# WHAT THIS TASK INVOLVES
Transcribe, starting at the line with "Отзывы на Упаковочная" and ending at the line with "4.18-4.19,Lega", every line of the material below exactly, but leave out the pictures and anything outside that span.

# RECORDS SHOWN
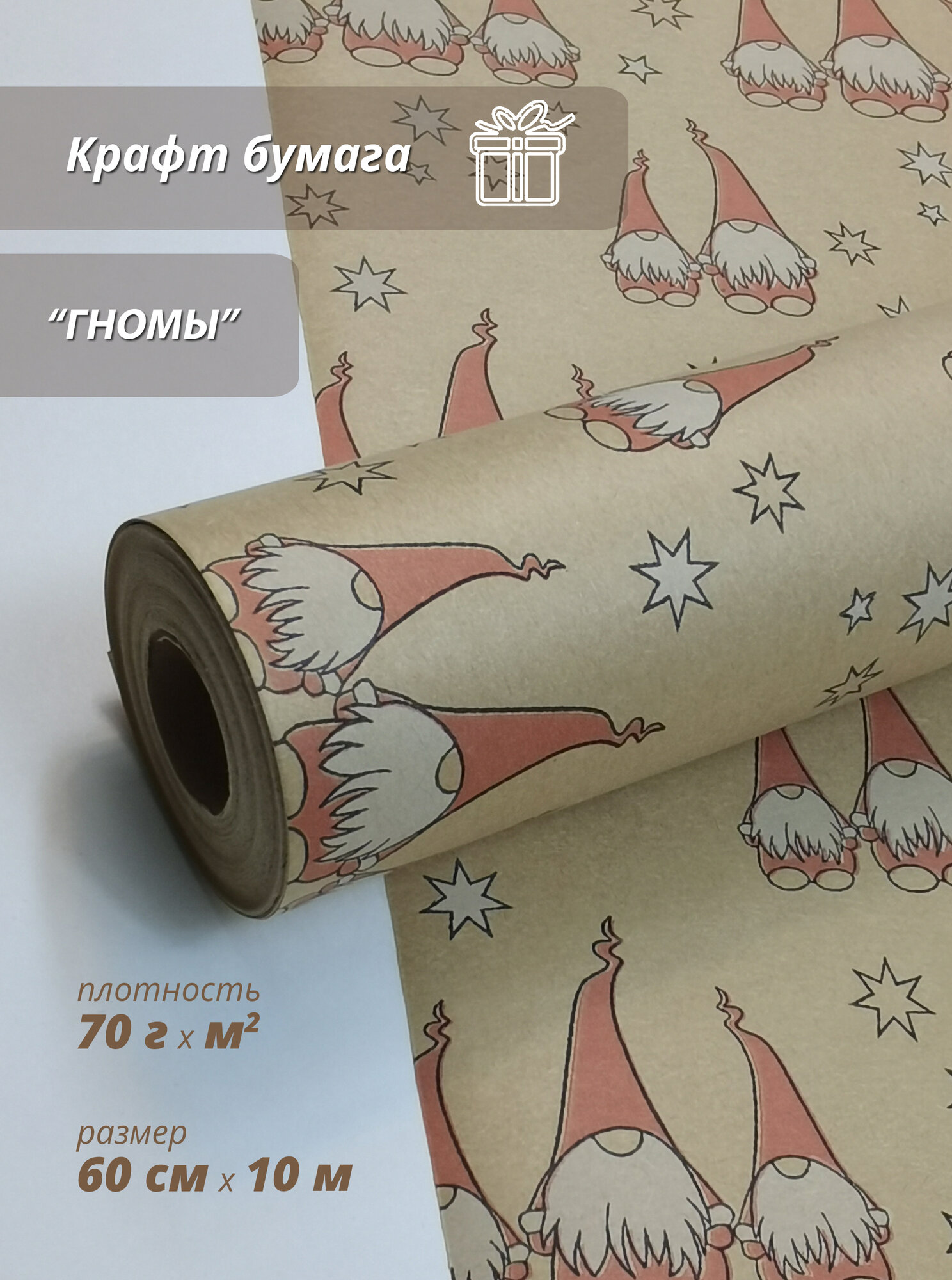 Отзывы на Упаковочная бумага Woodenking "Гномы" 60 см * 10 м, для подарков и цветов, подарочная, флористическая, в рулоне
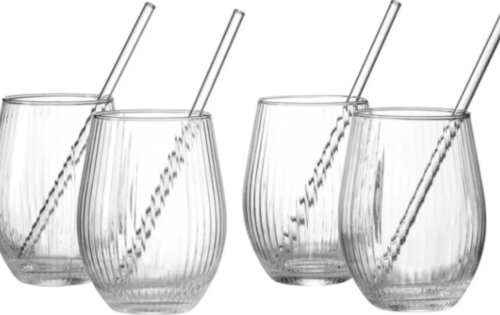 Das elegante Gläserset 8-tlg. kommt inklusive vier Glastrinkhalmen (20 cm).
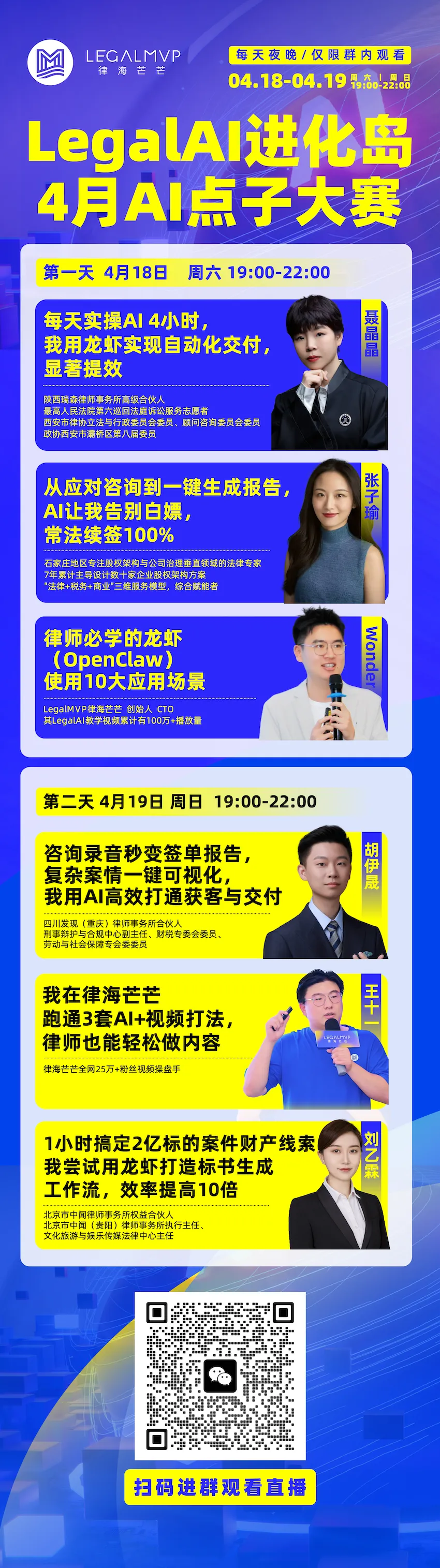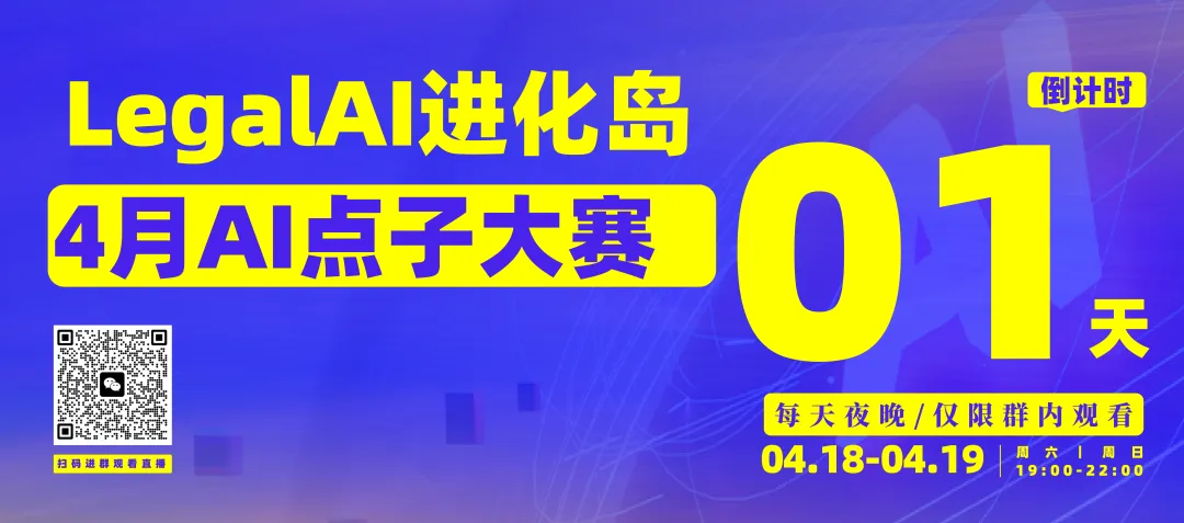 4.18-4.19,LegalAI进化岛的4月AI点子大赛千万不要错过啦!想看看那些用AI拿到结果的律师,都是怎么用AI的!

...

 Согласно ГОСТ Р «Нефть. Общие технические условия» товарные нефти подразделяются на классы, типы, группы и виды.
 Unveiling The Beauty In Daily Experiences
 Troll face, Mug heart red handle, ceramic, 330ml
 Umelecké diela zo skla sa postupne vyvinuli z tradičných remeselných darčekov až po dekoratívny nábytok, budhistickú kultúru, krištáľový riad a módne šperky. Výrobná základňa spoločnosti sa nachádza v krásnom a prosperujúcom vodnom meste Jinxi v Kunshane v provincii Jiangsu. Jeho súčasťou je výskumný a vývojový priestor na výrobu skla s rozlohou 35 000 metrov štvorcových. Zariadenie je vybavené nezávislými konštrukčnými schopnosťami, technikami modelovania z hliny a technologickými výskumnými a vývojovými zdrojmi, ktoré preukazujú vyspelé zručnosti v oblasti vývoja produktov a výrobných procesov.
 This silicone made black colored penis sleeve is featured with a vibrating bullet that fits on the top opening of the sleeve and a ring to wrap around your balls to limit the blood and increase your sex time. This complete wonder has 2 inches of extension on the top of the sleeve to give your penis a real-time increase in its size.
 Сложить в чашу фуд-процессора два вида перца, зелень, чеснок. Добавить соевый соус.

==

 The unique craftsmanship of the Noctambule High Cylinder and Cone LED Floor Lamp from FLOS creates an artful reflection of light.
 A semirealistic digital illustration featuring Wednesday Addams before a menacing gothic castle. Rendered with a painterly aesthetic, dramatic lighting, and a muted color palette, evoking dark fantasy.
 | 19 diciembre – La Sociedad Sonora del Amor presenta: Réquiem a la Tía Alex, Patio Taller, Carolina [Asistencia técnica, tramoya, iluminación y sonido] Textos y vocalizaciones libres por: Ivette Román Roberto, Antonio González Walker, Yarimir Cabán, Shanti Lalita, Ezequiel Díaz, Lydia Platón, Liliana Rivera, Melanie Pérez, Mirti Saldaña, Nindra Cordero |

# YOUR RESPONSE
 Отзывы на Упаковочная бумага Woodenking "Гномы" 60 см * 10 м, для подарков и цветов, подарочная, флористическая, в рулоне
 Das elegante Gläserset 8-tlg. kommt inklusive vier Glastrinkhalmen (20 cm).
 4.18-4.19,LegalAI进化岛的4月AI点子大赛千万不要错过啦!想看看那些用AI拿到结果的律师,都是怎么用AI的!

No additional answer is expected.